Когда прошел весь полк и работники парка стали серыми от степной пыли, покрывшей их одежду и лица, из оврага показалась тяжелая «беда» комиссара Столярова.
Увидев провожающих, Столяров сразу остановил лошадей и, соскочив с повозки, подошел к Давыдову. Он отдал честь по-военному и произнес, словно рапортуя:
— Товарищ ботаник! Чудо природы и богатство народа — заповедный Дендропарк мы оставляем вам в целости и сохранности, чтобы процветала рабоче-крестьянская наука.
Он резко оторвал ладонь от фуражки, четко, как будто стоял навытяжку перед генералом, вышел из положения «смирно» и протянул руку старому ботанику.
— Спасибо вам, отец родной, за гостеприимство и доброе сердце. Теперь делайте свое дело, а мы будем делать свое. Считайте, что мы пошли довершать дело вашего славного предка. Большевистский привет! — Он минуту подумал, затем обнял старика и трижды с ним поцеловался. Потом Столяров подбежал к «беде», стал в ней во весь рост, подхватил вожжи и крикнул, обращаясь ко всем:
— До счастливой встречи, товарищи!
Степная дорога запылила за тяжелою «бедою» почтового ведомства.

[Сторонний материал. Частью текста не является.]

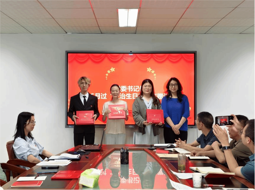 学院党委书记傅苑为五月过“政治生日”的党员送上贺卡。一张贺卡,一份初心!她寄语青年党员无论走得多远,都能不忘来时路,牢记初心使命。
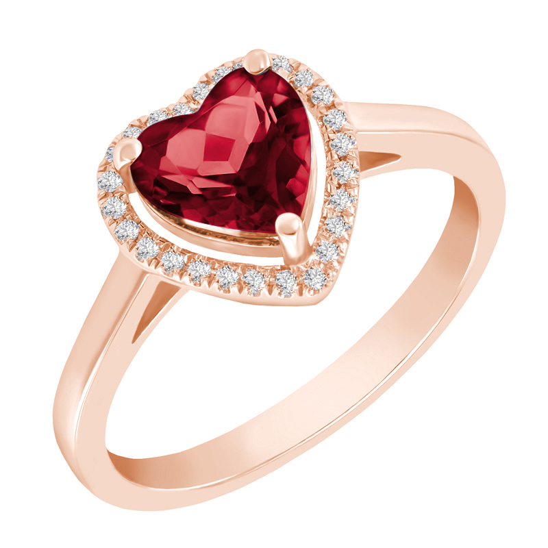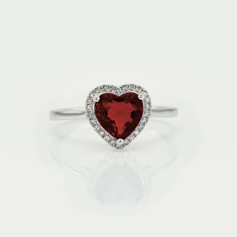 Goldring mit Granaten in Herzform und Diamanten Connelly
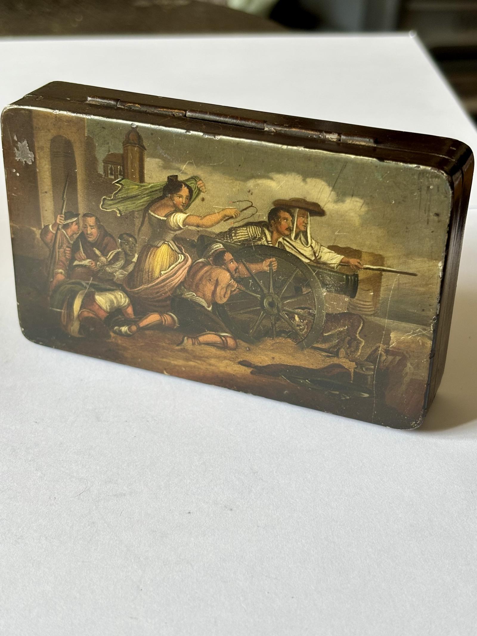 A 19th Century Stobwasser Type Tin Table Snuff Box with a Spanish Battle Scene (1 of 13)

3Снегиревку брали с налету — и это была первая боевая операция полка.
Собственно захватывать Снегиревку не входило в планы Столярова и Овчарука. Полк должен был нанести удар по Херсону. Поэтому распылять силы, оставляя гарнизон в Снегиревке, несмотря на то, что эта станция контролировала железную дорогу и на Николаев и на Херсон, — не было никакого смысла.

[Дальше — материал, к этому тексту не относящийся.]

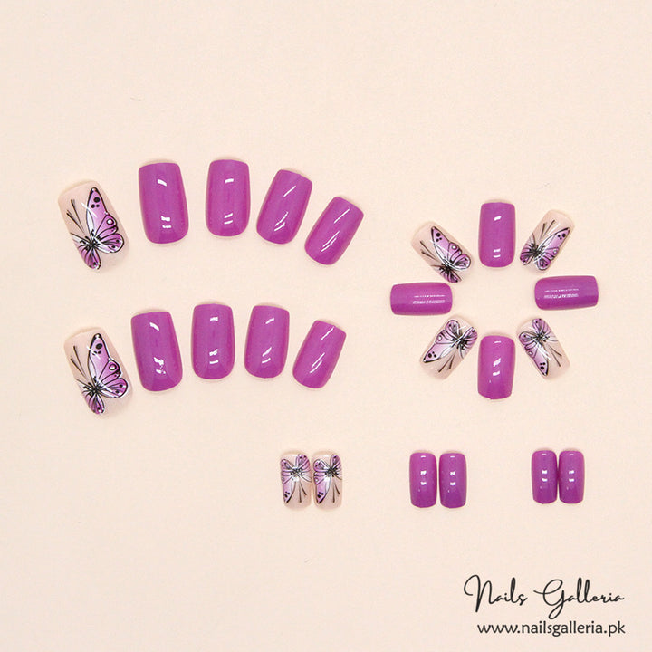 π Purple Flutter β Butterfly Accent Press-On Nails (24 Pcs) - Free Nail Kit Included

Франко-греческие оккупанты, захватившие Херсон и Николаев, понимали, какое значение имеет эта узловая станция, и после того, как из Снегиревки ушел штаб атамана Григорьева, держали здесь порядочный вооруженный отряд, состоявший из деникинских офицерских дружин, смешанных с немногочисленными греками. Командование было сосредоточено в руках французских офицеров, которые, безусловно, должны были оказать серьезное сопротивление. Поэтому Овчарук и Столяров приняли было решение: пересечь на марше железную дорогу где-нибудь между Снегиревкой и ближайшей на Николаевской железнодорожной линии станцией Новопетровкой и, оставив Снегиревку позади, продвигаться Бурхановским шляхом на Херсон. Для охраны левого фланга со стороны Снегиревки был выделен специальный подвижной заслон, который потом мог легко догнать полк на марше. В заслон вошло полсотни конников, с полдесятка тачанок и одна «гитара» с полундровцами. Командование заслоном принял на себя Овчарук.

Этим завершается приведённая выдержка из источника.